- Netherlands picture sleeve

Single by the Messengers
- A-side: "Window Shopping"
- Released: September 7, 1967
- Recorded: 1967
- Genre: Funk-soul
- Label: Soul
- Songwriter: Ashford & Simpson
- Producer: Jeffrey Bowen

The Messengers singles chronology
| "Midnight Hour" (1967) | "California Soul" (1967) | "Right On" (1970) |

Official audio
- "California Soul" on YouTube

= California Soul =

"California Soul" is a funk-soul tune written by Ashford & Simpson, issued originally as the B-side of the Messengers' single "Window Shopping" in 1967 under the Motown group of labels.

==Other recordings==
- Nick Ashford released his own version in June 1968 on Verve 10599.
- The song was then issued as a single by American pop quintet the 5th Dimension in late 1968.
- The song was also covered by Motown vocal duo Marvin Gaye and Tammi Terrell. It was Gaye's and Terrell's last single together when released in early 1970.
- A version appears on the 1970 studio album War & Peace by Edwin Starr (Gordy Records).
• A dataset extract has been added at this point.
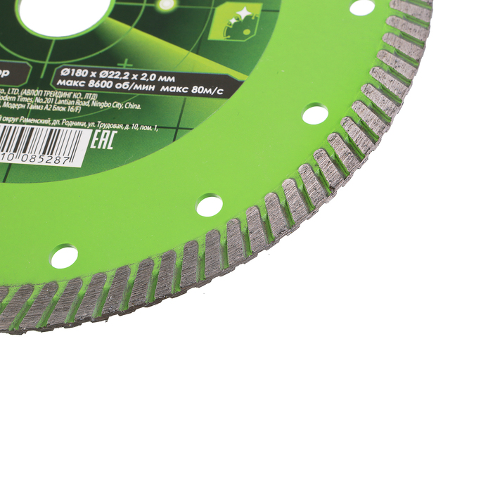 Высокое содержание алмазов и высота режущей кромки 10 мм увеличивают износостойкость и срок эксплуатации диска; технология самозаточки позволяет диску сохранять высокую скорость реза даже при длительной работе; тело диска из стали марки 65Mn для ровного реза, метод горячей опрессовки при производстве для наилучшей адгезии.

Cash Box said that this version "glimmers with the special touch of a motor city arrangement and the vocal fuel ignited by this splendid team."
- Marlena Shaw recorded a version in 1969, which appears on her album The Spice of Life.
- Stone Throw Records recorded a version in 2021, which would later be included in the intro for the September 2021 Apple Event.

==Chart performance==
Both the 5th Dimension's version and the Gaye-Terrell version were modest chart hits. The recording by the 5th Dimension performed better, reaching number 25 on the pop singles chart. Gaye and Terrell's cover was the B-side of "The Onion Song". The duo's version of "California Soul" reached number 50 pop but never charted on the US R&B chart. The duet was released after Terrell's death from a brain tumor in March 1970.

==Credits==

===The 5th Dimension version===
- All vocals by the 5th Dimension: Billy Davis Jr., Marilyn McCoo, Florence LaRue, Lamonte McLemore, and Ron Townson
- Written by Ashford & Simpson
- Produced by Bones Howe

===Marvin Gaye and Tammi Terrell version===
- All vocals by Marvin Gaye and Tammi Terrell/ Valerie Simpson)
- Written and produced by Ashford & Simpson
- Instrumentation by the Funk Brothers

==Certifications and sales==

===Marlena Shaw version===

| Region | Certification | Certified units/sales |
| New Zealand (RMNZ) | Gold | 15,000^{‡} |
| United Kingdom (BPI) Sales since 2004 | Gold | 400,000^{‡} |
^{‡} Sales+streaming figures based on certification alone.